Впрочем, если отвлечься от буддийской и виртуальной экзотики, основная этическая идея пелевинских текстов - та же самая, которую безуспешно стремились донести до своих современников еще Толстой с Достоевским, а после них - многие мыслители начала века. Это мысль о том, что источник всех бед - не социальная неустроенность, а нравственная неполноценность, неразвитость личностного начала, неспособность жить полноценной внутренней жизнью, - неизбежным следствием чего, в свою очередь, является общая социальная неустроенность. Без внимания к смыслу собственной жизни и свободы от коммунальной зомбированности ничего хорошего не получится. Лев Толстой с замечательной лаконичностью выразил эту мысль в своем комментарии к "Дао дэ цзин". "Чтобы жизнь человека была не горем, а благом, человеку надо научиться жить не для тела, а для духа." - пишет Толстой. - "Живи человек для тела, - и жизнь горе, потому что тело страдает, болеет и умирает. Живи для духа, - и жизнь благо, потому что для духа нет ни страданий, ни болезней, ни смерти."
Пелевин выразил эту мысль красочнее и убедительнее, чем Толстой. "Представьте себе непроветренную комнату, в которую набилось ужасно много народу. И все они сидят на разных уродливых табуретах, на расшатанных стульях, на каких-то узлах и вообще на чем попало. А те, кто попроворней, норовят сесть на два стула сразу или согнать кого-нибудь с места, чтобы занять его самому. Таков мир, в котором вы живете. И одновременно у каждого из этих людей есть свой собственный трон, огромный, сверкающий, возвышающийся над всем этим миром и над всеми другими мирами тоже. Трон поистине царский - нет ничего, что было бы не во власти того, кто на него взойдет. И самое главное, трон абсолютно легитимный - он принадлежит любому человеку по праву." Стремление отыскать этот "внутренний трон", очистить сознание от коммунальных привычек, воссоздать потерянное достоинство человеческой личности, и есть основная тема большинства пелевинских текстов.
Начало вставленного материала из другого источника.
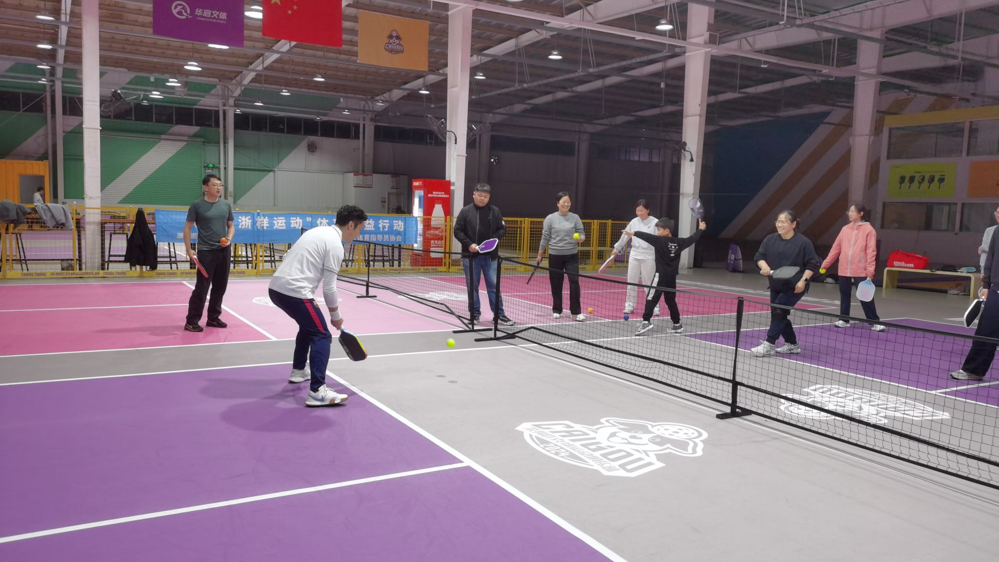 分工会邀请了教练进行现场培训。教练详细讲解了匹克球基础常识,拆解握拍、发球等动作要领,还针对练习中出现的问题逐一指导。老师们两两结对实操,进行了由近到远逐步加码练习,场馆内充满击球声与欢笑声。

Если выразить пелевинскую проповедь в классических категориях, то все проблемы современного человека он видит в недостаточном развитии суверенного духовного начала, в неумении жить собственной жизнью, а не жизнью одержимой потреблением коммунальной зверушки. Неизбежный итог - аморфность и конформизм, потому что личность, не имея внутренней опоры в себе самой, выбирает в качестве цели жизненных устремлений первый попавшийся "идеал благополучия": потребление, накопление, карьеру, или просто купание в грязной луже. С этим и связан современный социальный распад: человек может подчиняться нравственному императиву, только если он является полноценной личностью, если его жизнь обладает внутренним смыслом, а не связана внешней целью, подсказанной другими. Если же этот "внутренний трон" ему не доступен, вся его жизнь будет жестко подчинена удовлетворению аппетитов, которые возбуждаются его жадно устремленными в окружающий мир глазами. Понятно, что никакой моральности и гуманности ожидать от него не приходится.
Именно актуальность, жизненность пелевинской классики не устраивает ревнителей классического наследия. Оживив русскую культурную традицию в гуманистическом интеллектуальном произведении, Пелевин нарушил столь удобную для многих дихотомию "культурное наследие / современное безобразие". Она удобна, потому превращает культуру в коллекцию музейных экспонатов, в театр восковых фигур. Любая культурная инновация с этой точки зрения имеет деструктивный характер, а истинные поклонники высокой культуры должны воздерживаться от актуального творчества и вместо этого хором распевать мантpу "Пушкин пушкински велик", или что-нибудь в этом роде.4
Назначение классики - быть инструментом самопознания. Классика нужна не для того, чтобы знать, о чем думали Пушкин, Шекспир или Достоевский по тому или иному вопросу, а для того, чтобы поставить собственные вопросы и решить собственные экзистенциальные проблемы. Основная трудность здесь в том, что классические произведения пришиты к иному культурному контексту, воспринимаются как экзотика, как антиквариат, и когда человек с ними соприкасается, акцент неизбежно переносится с их экзистенциального содержания на внешнюю форму, на средства выражения. Возникает парадокс: обычная популяризация классического наследия, желание познакомить людей с его культурным контекстом, не приводит нас к пониманию классики, а еще больше удаляет: интерес экзистенциальный подменяется интересом познавательно-историческим. Это значит, что по-настоящему приблизить человека к затронутому классикой пласту экзистенциальных проблем могут только вполне современные произведения, которые ставят и решают нравственные проблемы в их современном выражении, в той форме, в какой они возникают перед представителями современных культурных сообществ, - а при этом еще и наводят мостик к классике.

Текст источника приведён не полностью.